Repository files navigation

COSSMO

Competitive Splice Site Model

This is the code used to train the models described in the paper

Hannes Bretschneider, Shreshth Gandhi, Khalid Zuberi, Amit G Deshwar, and Brendan J Frey
COSSMO: Predicting Competitive Alternative Splice Site Selection using Deep Learning
Bioinformatics, Volume 34, Issue 13, 1 July 2018, Pages i429–i437,
https://doi.org/10.1093/bioinformatics/bty244

Installation

Dependencies

COSSMO requires Python 2.7 and TensorFlow 1.8. We provide a tested Conda environment.

Anaconda Python

We recommend using COSSMO with the conda package manager from Anaconda Python.

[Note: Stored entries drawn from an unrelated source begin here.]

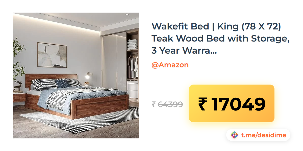 74% off on - Wakefit Bed | King (78 X 72) Teak Wood Bed with Storage, 3 Year Warranty | - Indus - Honey Finish_Brown - Rs. 17049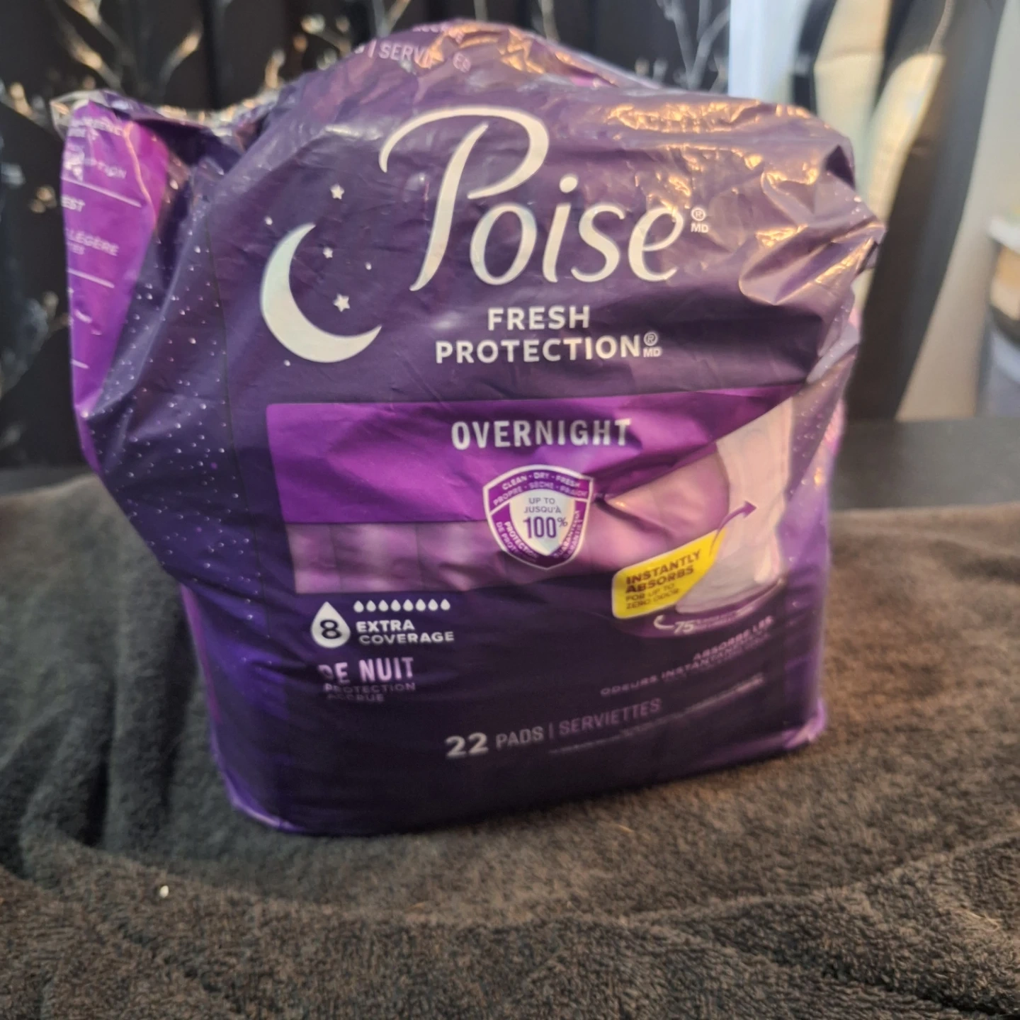 Poise Fresh Protection Overnight Pads offer extra coverage for all-day and all-night protection. This package contains 18 pads.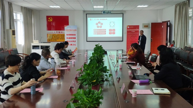 交流会上,储昭辉首先对陆艳一行来学院考察交流表示热烈欢迎,然后通过PPT详细介绍了学院党建工作情况及特色做法。学院教工第一党支部书记洪婧介绍了星级党支部建设、“双带头人”党支部书记工作室建设情况。双方还围绕党建品牌创建、党建引领发展等工作进行了深入交流。

To create a Conda environment for running COSSMO, install either the environment.yml or environment_gpu.yml (includes TensorFlow with GPU support) file:

conda env create -f environment.yml

or

conda env create -f environment_gpu.yml  

Activate your environment with

conda activate cossmo

Pip

Alternatively you can install the dependencies via the requirements.txt file for pip:

pip install -f requirements.txt

Install COSSMO

After creating the dependencies you can install the COSSMO package. The following command will symlink the COSSMO package into your environment.

pip install -e .

Tests

To run the tests, first install a test runner in your environment. We recommend py.test:

conda install pytest

Running py.test from the root directory will discover all the test automatically:

pytest

Training

Training script

The training script is at bin/train_cossmo.py. You can call the script with the --help option to receive details of the parameters:

$ python bin/train_cossmo.py --help
usage: train_cossmo.py [-h] [--configuration-file CONFIGURATION_FILE]
                       [--gpu GPU] [--intra-op-threads INTRA_OP_THREADS]
                       [--inter-op-threads INTER_OP_THREADS] [--test-only]
                       [--fold FOLD]

optional arguments:
  -h, --help            show this help message and exit
  --configuration-file CONFIGURATION_FILE
                        Path to a configuration file, containing all
                        hyperparameters, model definitions, etc. See the
                        provided examples for details.
  --gpu GPU             GPU device ID to use for training. This is equivalent
                        to setting the CUDA_VISIBLE_DEVICES environment
                        variable. It is recommend to set this option when you
                        have more than one GPU device in your system to
                        prevent TensorFlow from claiming all devices.
  --intra-op-threads INTRA_OP_THREADS
                        See https://github.com/tensorflow/tensorflow/blob/26b4
                        dfa65d360f2793ad75083c797d57f8661b93/tensorflow/core/p
                        rotobuf/config.proto#L165 for the meaning of this
                        parameter.
  --inter-op-threads INTER_OP_THREADS
                        See https://github.com/tensorflow/tensorflow/blob/26b4
                        dfa65d360f2793ad75083c797d57f8661b93/tensorflow/core/p
                        rotobuf/config.proto#L165 for the meaning of this
                        parameter.
  --test-only           Don't train, only evaluate test set.
  --fold FOLD           Cross-validation fold to train on. When set, this
                        overrides the`cv_fold` key in the configuration file.

Configuration files

Configuration files to replicate the models described in the paper are available in configuration_files/. Before you can use these configuration files, you must edit them and provide the correct file paths for the dataset path and output path for your system.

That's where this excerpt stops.